- Location of Olive Branch, Illinois
- Location of Olive Branch in Illinois
- Coordinates: 37°10′07″N 89°21′06″W﻿ / ﻿37.16861°N 89.35167°W
- Country: United States
- State: Illinois
- County: Alexander
- Precincts: Olive Branch, Sandusky

Area
- • Total: 9.45 sq mi (24.48 km^{2})
- • Land: 9.45 sq mi (24.47 km^{2})
- • Water: 0.0077 sq mi (0.02 km^{2})
- Elevation: 367 ft (112 m)

Population (2020)
- • Total: 650
- • Density: 68.8/sq mi (26.57/km^{2})
- Time zone: UTC-6 (Central (CST))
- • Summer (DST): UTC-5 (CDT)
- ZIP code: 62969
- Area code: 618
- FIPS code: 17-55847
- GNIS feature ID: 2583440

= Olive Branch, Illinois =

Olive Branch is a census-designated place in Olive Branch and Sandusky precincts, Alexander County, Illinois, United States. It has a post office with the ZIP code 62969. Its population was 650 at the 2020 census.

Olive Branch is part of the Cape Girardeau-Jackson, MO-IL Metropolitan Statistical Area.

==Geography==
Olive Branch is located at (37.168661, -89.351749).

According to the 2021 census gazetteer files, Olive Branch has a total area of 9.45 sqmi, of which 9.45 sqmi (or 99.94%) is land and 0.01 sqmi (or 0.06%) is water.

==Demographics==

As of the 2020 census there were 650 people, 217 households, and 161 families residing in the CDP. The population density was 68.76 PD/sqmi. There were 330 housing units at an average density of 34.91 /sqmi. The racial makeup of the CDP was 91.08% White, 0.15% African American, 0.46% Native American, 0.31% from other races, and 8.00% from two or more races. Hispanic or Latino of any race were 0.92% of the population.

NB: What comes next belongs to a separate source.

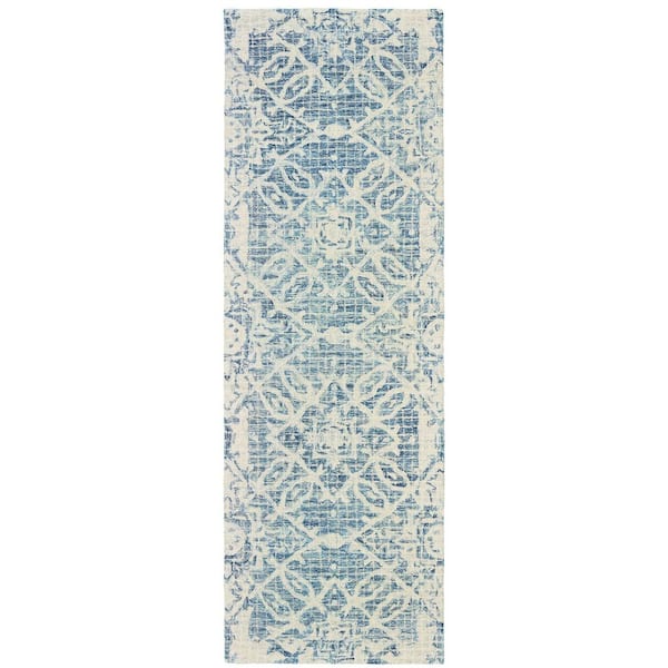2 ft. x 8 ft. Blue Geometric Washable Area Rug

There were 217 households, out of which 27.6% had children under the age of 18 living with them, 58.06% were married couples living together, 10.14% had a female householder with no husband present, and 25.81% were non-families. 24.88% of all households were made up of individuals, and 20.28% had someone living alone who was 65 years of age or older. The average household size was 3.42 and the average family size was 2.81.

The CDP's age distribution consisted of 24.9% under the age of 18, 4.3% from 18 to 24, 20.5% from 25 to 44, 31.7% from 45 to 64, and 18.7% who were 65 years of age or older. The median age was 45.1 years. For every 100 females, there were 77.3 males. For every 100 females age 18 and over, there were 73.5 males.

The median income for a household in the CDP was $46,339, and the median income for a family was $47,411. Males had a median income of $31,929 versus $39,583 for females. The per capita income for the CDP was $18,653. About 19.3% of families and 23.8% of the population were below the poverty line, including 32.2% of those under age 18 and 17.5% of those age 65 or over.

Historical population
| Census | Pop. | Note | %± |
| 2010 | 864 |  | — |
| 2020 | 650 |  | −24.8% |
U.S. Decennial Census

==Education==
Residents are zoned to the Egyptian School District.